There are several important parts in the ‘factory floor’, the cytoplasm which surrounds the nucleus. One such is the mito-chondrion. It has various uses, but one is that it is the ‘power house’ of the cell. The cell uses massive amounts of energy and the mitochondria supply the means for this.

Transport system

When the DNA recipe is being read, it has to be converted to an analogous form (mRNA) which carries the coding out to the cytoplasm and to another structure there, the ribosome. This is the ‘work bench’ where, for example, the many different proteins are produced. These, in turn, have to transferred to other parts of the cell where they will perform their specialist functions. To do this, they have to have a transport system. Yes, that is also there: a complex network of ‘roads’ called microtubules. There are even transport vehicles to carry them to these locations! These are another chemical called kinesin. (There are plenty of video clips on the World Wide Web demonstrating how these operate).
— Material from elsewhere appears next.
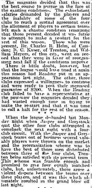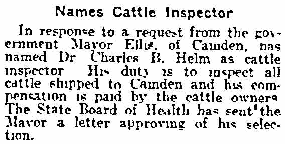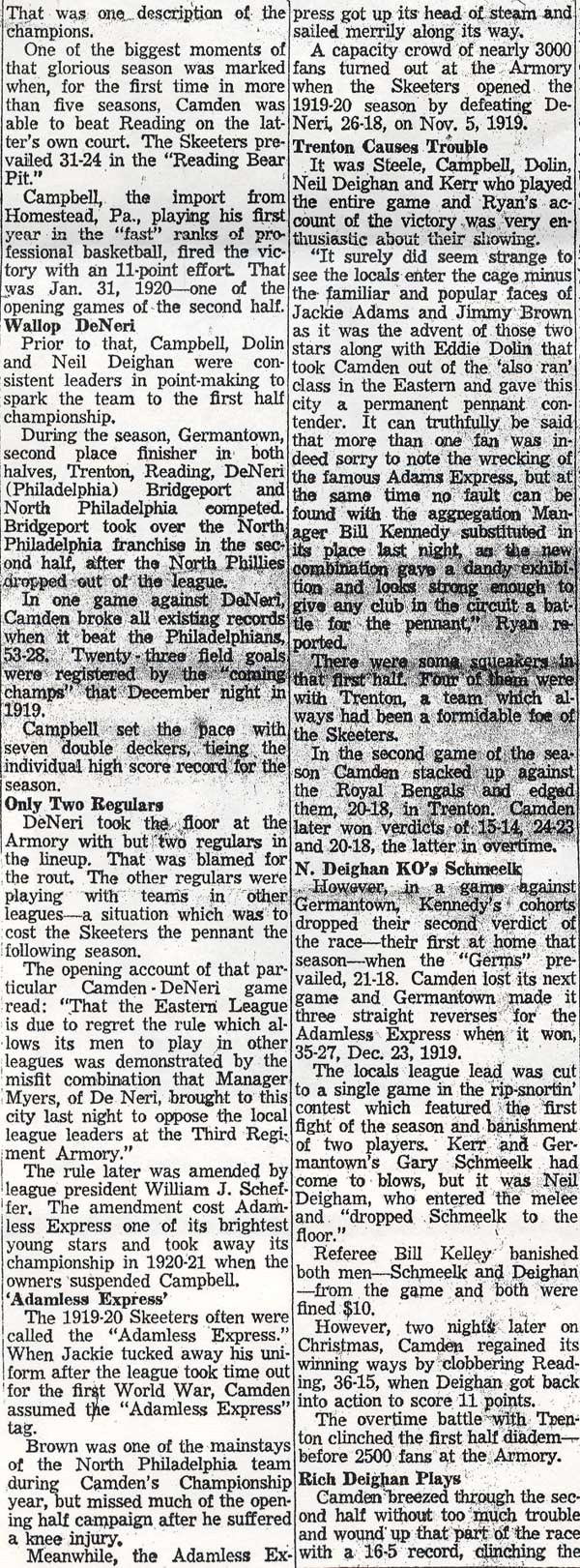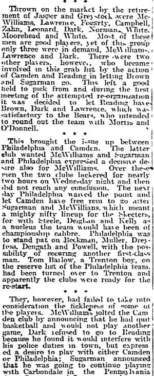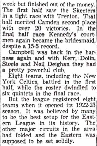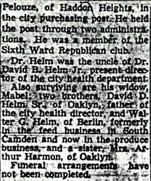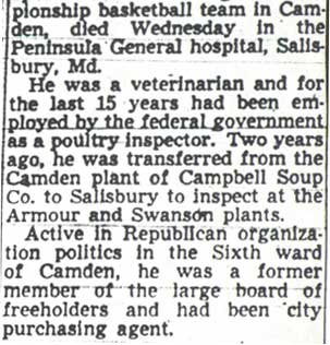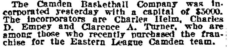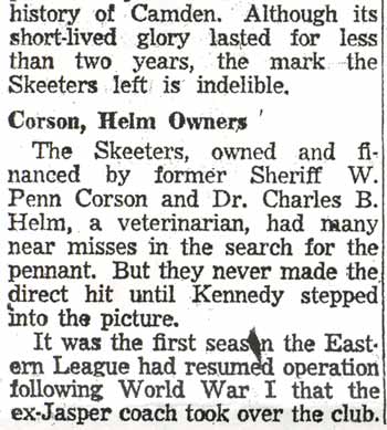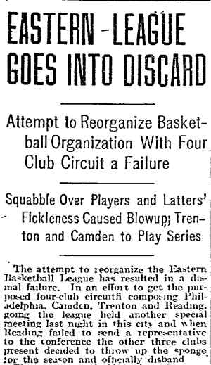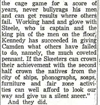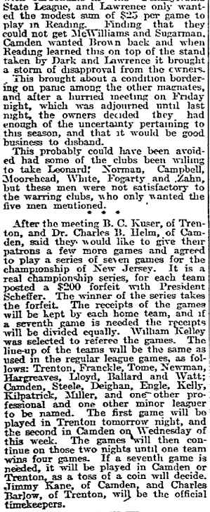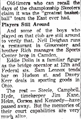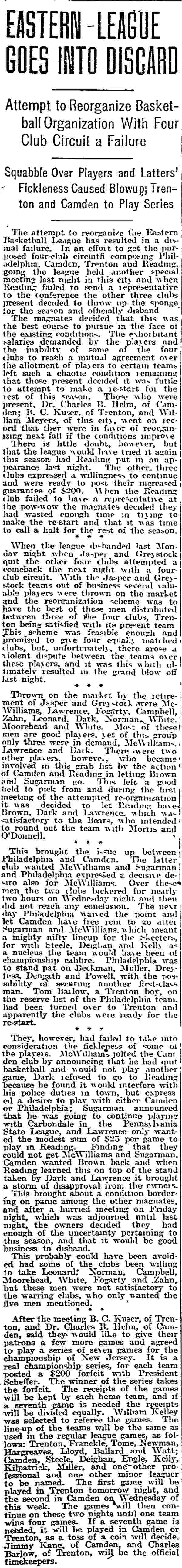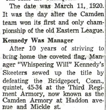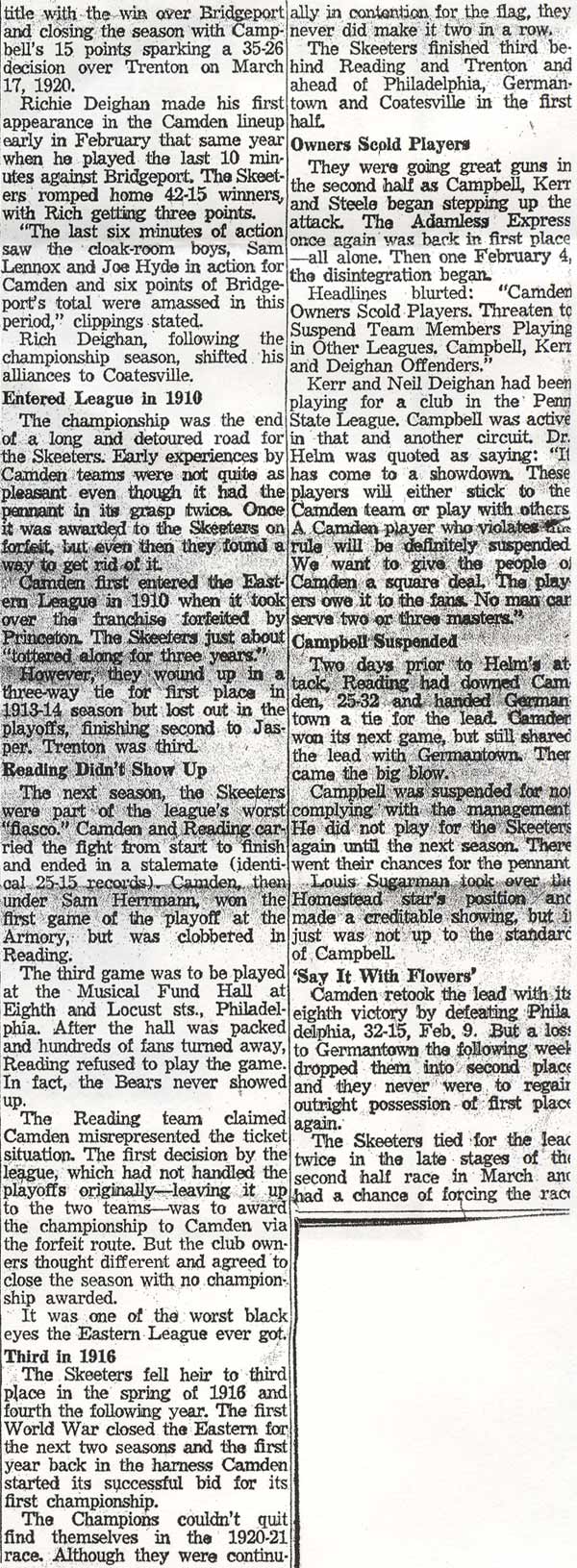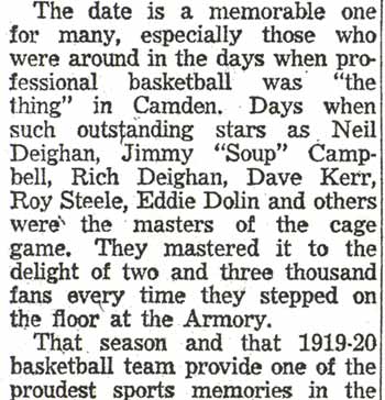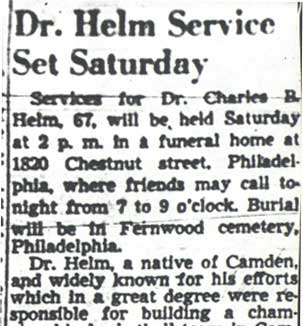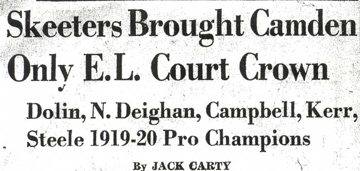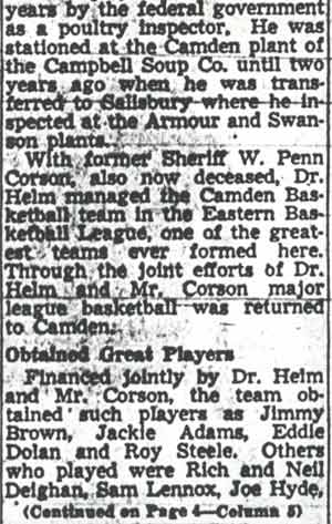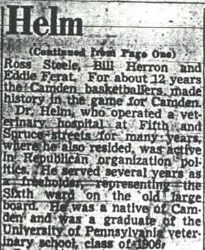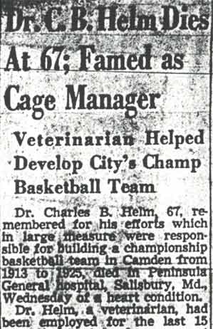 DR. CHARLES BLAINE HELM was born in Camden in 1884. He was a graduate of the University of Pennsylvania School of Veterinary Medicine in 1906. After establishing a veterinary practice in Camden at 900 South 5th Street where he also lived for many years, Dr. Helm involved himself in a variety of pursuits. Active politically as a Republican from the Sixth Ward, Dr. Helm served as city veterinarian in the days prior to the acquisition of police cars. Considered for a spot on the Republican slate in the commissioners race of 1927, he was not on the ticket, but was named as the city purchasing agent for Camden, and served as such through the administrations of Mayor Winfield S. Price and Mayor Roy R. Stewart. William M. Dilmore served under him as Assistant Purchasing Agent. Dr. Helm then took a position with the federal government as a poultry inspector, and worked at the Campbell's Soup Plant from 1934 through 1949, when he was transferred to Salisbury MD. Dr. Helm was most famous in the city of Camden for his involvement in professional basketball. He was manager and co-owner, with one-time Camden County Sheriff W. Penn Corson of the Camden franchise of the Eastern Basket Ball League from 1913 through 1925. The team, coached by William "Billy" Morgenweck was known as the Camden Alphas prior to World War I. The Alphas were the league champions in 1914-1915. 1917 was a year of turmoil in the world as the United States entered World War I. The New York State League and the Interstate Basket Ball League both suspended operations but the Eastern League began play in mid-November. On December 3 the league disbanded abruptly as two teams withdrew from the league without warning. An unsuccessful attempt was made to reorganize with a four team league and the league remained inactive until the 1919-20 season. One of Camden's players during this abridged season was future Olympic rowing star, Jack Kelly. He later would become the father of Grace Kelly, movie star and Princess of Monaco. After the abrupt season ending, Trenton and Camden agreed to play a best of seven series for the "Championship of New Jersey" with EBL President William J. Scheffer as referee. The first game was won by Camden 28-27 at Trenton on December 19, 1917. Two days later a second game was played at Camden and Trenton was the victor 47-19 but attendance was very poor. On December 14, 1917 the Dr. Helm called off the series due to the lack of fan interest. Dr. Helm renamed the team Camden Crusaders after World War I. The Camden five were champions again in 1919-1920, winning both halves of the split-season with a combined 30 and 9 record. The team was renamed once again as the Camden Skeeters for the 1921-1922 season. They were were one of the league's better teams, until it disbanded in 1923. Dr. Helm fielded a team in the a new Eastern Basketball League in 1925 (note the new spelling of "Basketball"), but the team did not do well, and that marked the end of his involvement the professional game in Camden. The Camden team was generally a winner in the league. Besides bringing players to Camden from out of town, Helm's team employed and/or developed many fine players from Camden, including Eddie Ferat, Sam Lennox, Roy Steele, Joe Hyde, Neil Deighan, and his brother Rich Deighan. Dr. Helm died in Salisbury MD on December 5, 1951 of a heart condition. He was survived by his wife Mabel, two brothers, and a sister. His nephew, Dr. David Helm Jr. was Camden's health inspector at the time of Dr. Helm's passing. |

What is the connection then between the DNA code and the proteins? The three-letter ‘words’ on the DNA each relate to another basic chemical, an ‘amino acid’. The recipe identifies the sequence of amino acids needed to form the required protein. There is so much one can say about this fascinating subject, but we must pass over it for now.

This brings us to a couple of other matters. Firstly, how do the amino acids (and other fundamental chemicals and structures) originate? This has been the area to which Professor Fox, above, refers. Chemically it is still a mystery. Then we have to link the amino acids together to form a long chain, the protein. The fascinating aspect of this is that it is very difficult to do in a chemical test-tube. Proteins break down in an aqueous environment. This spontaneous formation of proteins only occurs in a living cell. So how do they form before we have a functioning cell?

We have only considered the amino acid/ protein synthesis. There are many other chemicals that have to be prepared: carbohydrates, phospholipids, nucleotides/DNA, fatty acids and so on. Ultimately, we are left with the ‘chicken and egg’ situation – which came first: the chemicals which need the cell to form them or the cells that can’t exist or operate without the chemicals?

Death and life

Let me finish with an even more basic question. We have referred to living cells. But, we need to appreciate that, if we collect together all the chemical components and place them in a membrane such as a cell wall, it will remain as a lifeless structure. That is what we have when death occurs. So, what is life?

This is again a question that defies an answer, though there are many who would seek to answer it. We come back to that matter to which we referred at the beginning. It is a fundamental belief of Christians that life itself is a gift of God. In Genesis 2.7, we read that ‘the LORD God formed man from the dust of the ground and breathed into his nostrils the breath of life, and man became a living soul.’

 

* ‘Hoyle on Evolution’, Nature 294(5837):105, November 12, 1981.
** The quotations were taken from the film Expelled: No Intelligence Allowed in which he was interviewed by Ben Stein (2008).